____ Records to use

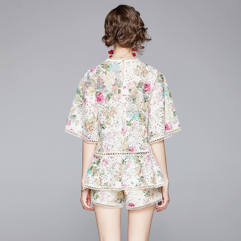 【送料無料】セットアップ レディース ショートパンツ 上下セット 2点セット 花柄 ブラウス 個性的 レース 透け感 透明感 フェアリー ショーパン ウエストマーク ミニ 春 夏 五分袖 大きいサイズ 2XL 白 ホワイト 花柄 フェミニン ガーリー ラブリー 清楚 結婚式 二次会 お呼ばれ お出かけ 演奏会 発表会 きれいめ 脚長 かわいい 可愛い 大人可愛い デート 女子会 モテ モテコーデ ファッション トレンド 人気 10代 20代 30代 40代 韓国系 海外 安い プチプラ no2169
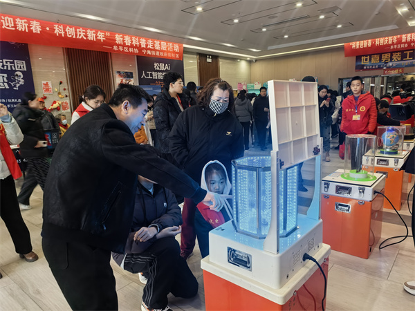 活动现场,科普大篷车带来的“电影的原理”“雅各布天梯”等经典互动展品一经亮相便迅速成为全场焦点。孩子们争先恐后地动手操作,在亲手触发“电影的原理”中视觉暂留现象的瞬间、亲眼目睹“雅各布天梯”高压放电产生的绚丽弧光时,将书本上晦涩的物理原理转化为直观可感的科学体验,现场惊叹声此起彼伏。无人机体验环节更是将活动推向高潮,科技馆工作人员从飞行控制原理讲起,逐步演示操作技巧,并指导现场观众轮流操控无人机起飞、转向、精准降落。当无人机在空中灵活穿梭、稳稳着陆时,前沿科技的智能与精准变得触手可及,极大地激发了公众尤其是青少年对无人机技术的浓厚兴趣,现场掌声与欢呼声不断。此外,活动还联合滨州医学院烟台附属医院、蓝天爱心志愿服务队等单位,同步开展了急救知识科普、毛线花制作展示、胶东传统木作工艺展示等丰富多彩的互动项目,进一步丰富了活动内容,提升了市民的参与感与获得感。
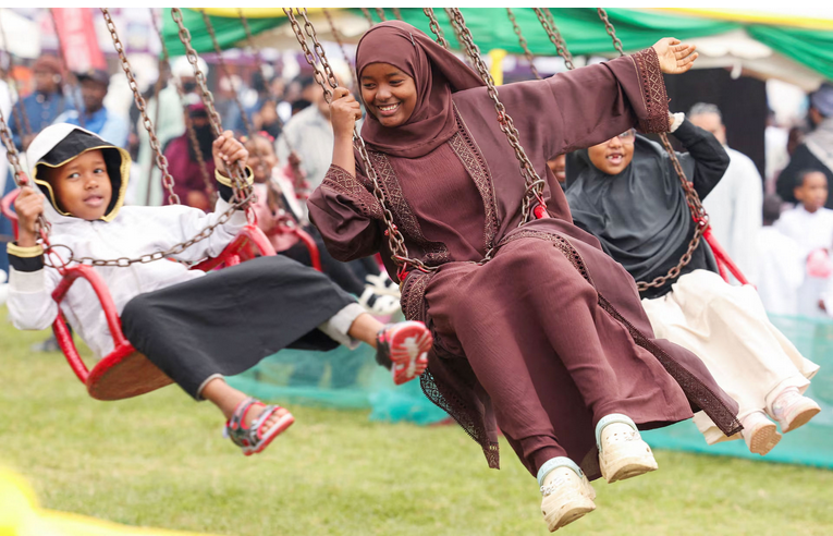 ঈদুল আজহা উপলক্ষ্যে কেনিয়ার স্যার আলী মুসলিম ক্লাব গ্রাউন্ড এলাকায় মেলা বসেছে। মেলায় রাইডে চড়েছেন দু’জন। ছবি ৬ জুনের।
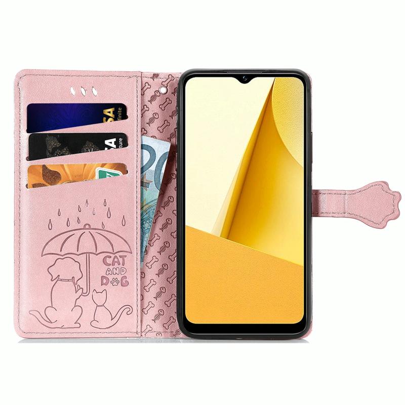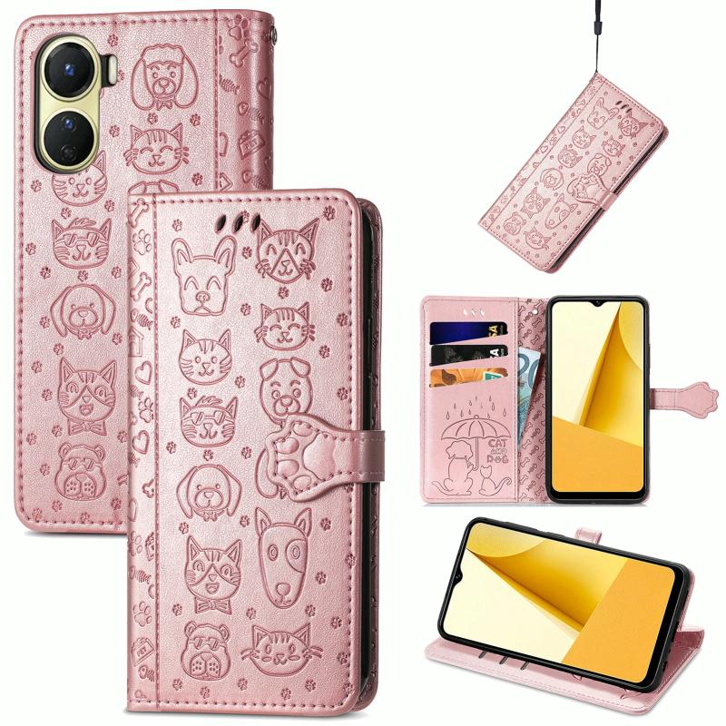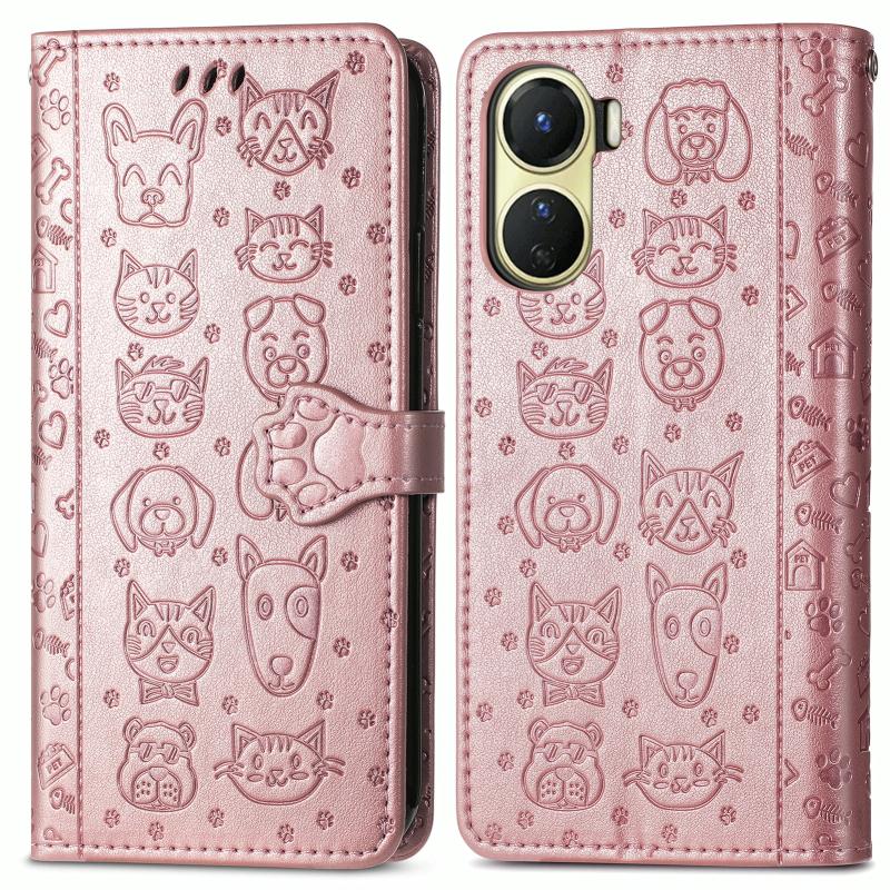 For vivo Y16 Cat and Dog Embossed Leather Phone Case(Rose Gold)
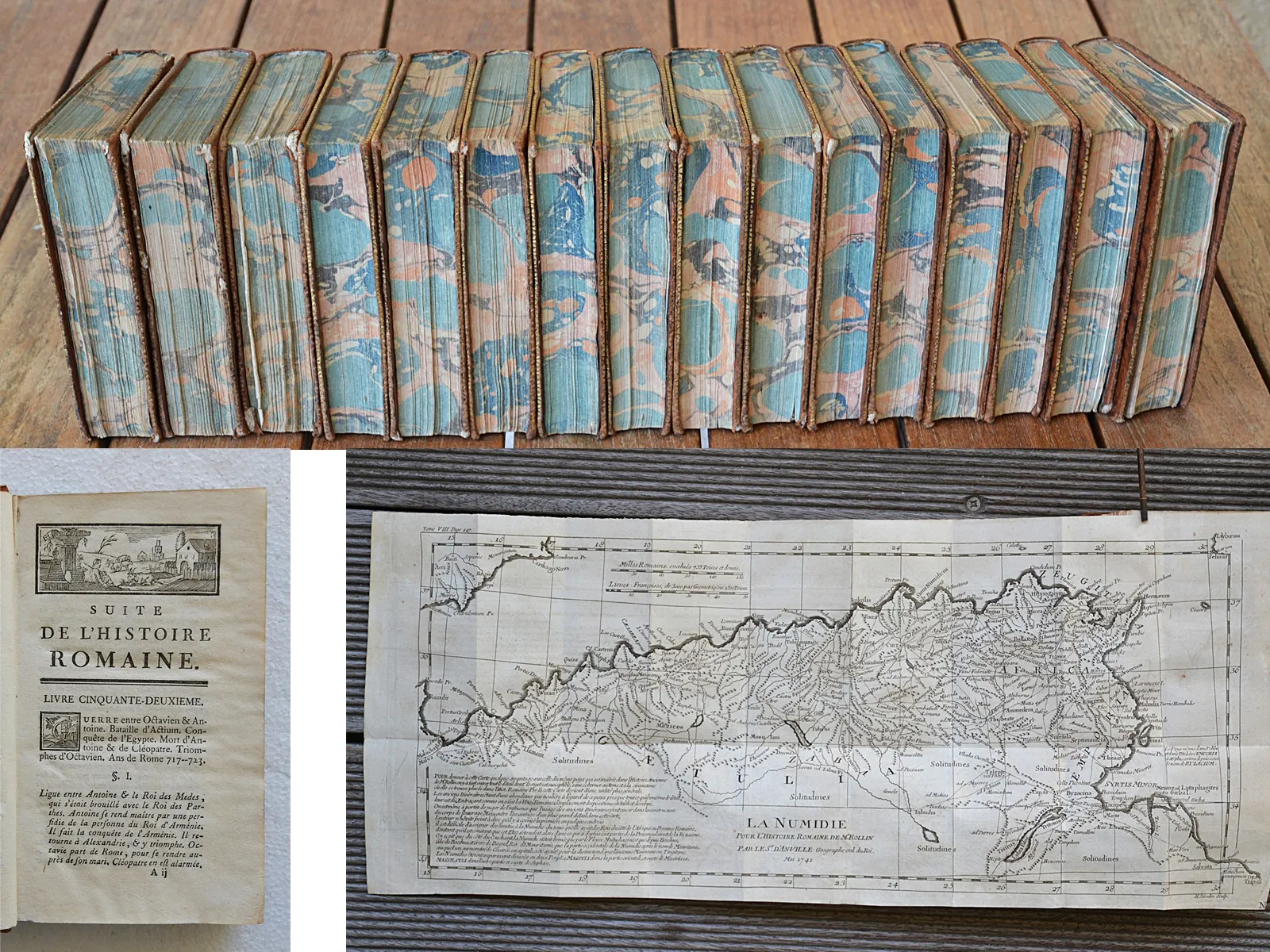 Seize volumes en basane fauve marbrée de l'époque, illustrés d'un portrait-frontispice, de 11 cartes dépliantes, d'un plan de Rome et d'une planche du combat naval d'Ecnome.
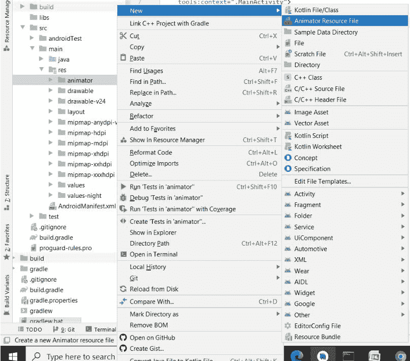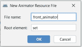 再次创建一个名为 back_animator.xml 的新动画师资源文件,该文件将处理翻转卡后部的动画。要创建一个新的动画师资源文件,请遵循前面显示的创建 front_animator.xml 文件的相同图像。
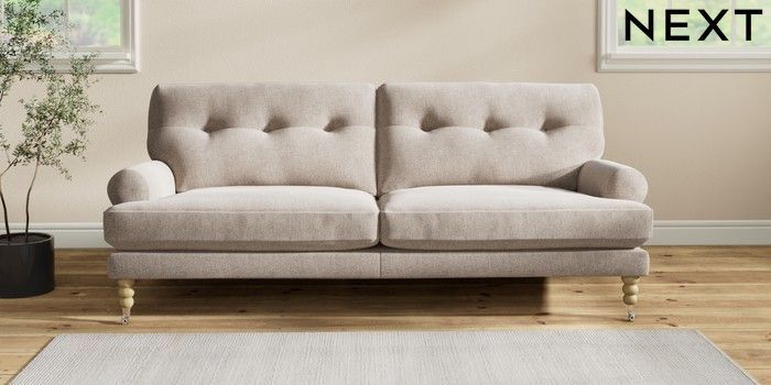 7.2.10 Erin Buttoned Back Deep Relaxed Sit 3 Seater Sofa Chunky Chenille Light Dove High Classic Turned Chrome Castor - Light | Made Click here to use our website with more accessibility support, for example screen readers

________

## Task:
Each record above should be duplicated word for word, with no pictures included.

## Solution below:
 【送料無料】セットアップ レディース ショートパンツ 上下セット 2点セット 花柄 ブラウス 個性的 レース 透け感 透明感 フェアリー ショーパン ウエストマーク ミニ 春 夏 五分袖 大きいサイズ 2XL 白 ホワイト 花柄 フェミニン ガーリー ラブリー 清楚 結婚式 二次会 お呼ばれ お出かけ 演奏会 発表会 きれいめ 脚長 かわいい 可愛い 大人可愛い デート 女子会 モテ モテコーデ ファッション トレンド 人気 10代 20代 30代 40代 韓国系 海外 安い プチプラ no2169
 活动现场,科普大篷车带来的“电影的原理”“雅各布天梯”等经典互动展品一经亮相便迅速成为全场焦点。孩子们争先恐后地动手操作,在亲手触发“电影的原理”中视觉暂留现象的瞬间、亲眼目睹“雅各布天梯”高压放电产生的绚丽弧光时,将书本上晦涩的物理原理转化为直观可感的科学体验,现场惊叹声此起彼伏。无人机体验环节更是将活动推向高潮,科技馆工作人员从飞行控制原理讲起,逐步演示操作技巧,并指导现场观众轮流操控无人机起飞、转向、精准降落。当无人机在空中灵活穿梭、稳稳着陆时,前沿科技的智能与精准变得触手可及,极大地激发了公众尤其是青少年对无人机技术的浓厚兴趣,现场掌声与欢呼声不断。此外,活动还联合滨州医学院烟台附属医院、蓝天爱心志愿服务队等单位,同步开展了急救知识科普、毛线花制作展示、胶东传统木作工艺展示等丰富多彩的互动项目,进一步丰富了活动内容,提升了市民的参与感与获得感。
 ঈদুল আজহা উপলক্ষ্যে কেনিয়ার স্যার আলী মুসলিম ক্লাব গ্রাউন্ড এলাকায় মেলা বসেছে। মেলায় রাইডে চড়েছেন দু’জন। ছবি ৬ জুনের।
 For vivo Y16 Cat and Dog Embossed Leather Phone Case(Rose Gold)
 Seize volumes en basane fauve marbrée de l'époque, illustrés d'un portrait-frontispice, de 11 cartes dépliantes, d'un plan de Rome et d'une planche du combat naval d'Ecnome.
 再次创建一个名为 back_animator.xml 的新动画师资源文件,该文件将处理翻转卡后部的动画。要创建一个新的动画师资源文件,请遵循前面显示的创建 front_animator.xml 文件的相同图像。
 7.2.10 Erin Buttoned Back Deep Relaxed Sit 3 Seater Sofa Chunky Chenille Light Dove High Classic Turned Chrome Castor - Light | Made Click here to use our website with more accessibility support, for example screen readers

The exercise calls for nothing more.